Note that it is also possible to use mostest_light.m script, instead of mostest.m. mostest_light.m uses much less memory by skip saving univariate results. However it is not possible to run process_results_ext.py on the results from mostest_light.m.

MOSTest results

MOSTest results are saved in .mat files (MATLAB format), in files called

<out>.mat      - main results, i.e. -log10(pval)
<out>_zmat.mat - gwas Z scores (original and permuted)

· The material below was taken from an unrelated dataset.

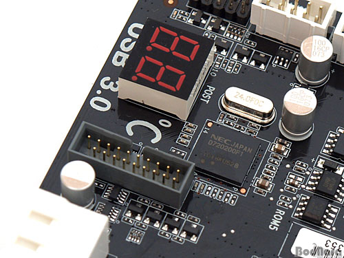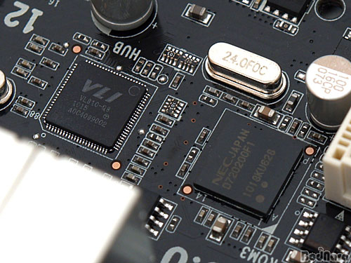 ¹éÆÐ³ÎÀÇ 4°³ÀÇ USB 3.0 Áö¿øÀ» À§ÇØ NEC D720200F1 ÄÁÆ®·Ñ·¯ Çϳª¿Í ºñ¾Æ (VIA)ÀÇ VLI VL810 USB 3.0 Hub°¡ Á¶ÇյȴÙ. NEC ÄÁÆ®·Ñ·¯´Â ÃÑ 2°³ÀÇ USB 3.0 Æ÷Æ®¸¦ Áö¿øÇϳª VLI VL810 USB 3.0 Hub¸¦ ÅëÇØ 4°³ÀÇ USB 3.0 Æ÷Æ®·Î È®ÀåÇÒ ¼ö ÀÖ°Ô ÇØÁÖ¸ç, NEC ÄÁÆ®·Ñ·¯º¸´Ù Á¶±Ý ´õ ³ôÀº °¡°ÝÀ» Çü¼ºÇÏ´Â °ÍÀ¸·Î ¾Ë·ÁÁ® ÀÖ´Ù.

Output of process_results.py:

  • <out>.most.sumstats - summary statistics file for MOSTest p-values (note that Z values has a fake direction)
  • <out>.minp.sumstats - as above, but based on minP
  • <out>_most.zmat.csv - GWAS z-scores across all measures for genome-wide significant SNPs according to MOSTest
  • <out>_minp.zmat.csv - as above, but for SNPs passing 5e-8 according to minP
  • <out>.plot.png - QQ-like plot highlighting distribution of minP and MOSTest p-values
  • <out>.plot.csv - data underlying the above plot

Other considerations

  • all phenotypes should be pre-residualized for covariates, for example in R as follows:

    TempModel <- summary(lm(get(f) ~ Age + Sex + Scanner + Euler + genBatch + C1 + C2 + C3 + C4 + C5 + C6 + C7 + C8 + C9 + C10, data=DM)) 
    DM[,which(colnames(DM)==f)] <- TempModel$coefficients[1,1] + TempModel$residuals
    
  • by default all phenotypes are automatically inverse-rank transformed into a normal distribution, in a way equivalent to the qnorm(ecdf(...)) function in R:

    DM[,f] <- qnorm(ecdf(DM[,f])(DM[,f]) - 0.5/dim(DM)[1])
    

    If you want to disable this step, specify apply_int=0; in your matlab script before running mostest.

  • we recommend that bfile only include SNPs with MAF above 0.5%

  • MOSTest spends most time in matrix operations, which by default in MATLAB utilize all available computation threads (unless MATLAB is started with -singleCompThread flag). Therefore, for large-scale analysis we recommend to run MOSTest on a large server with 16 or more CPUs available.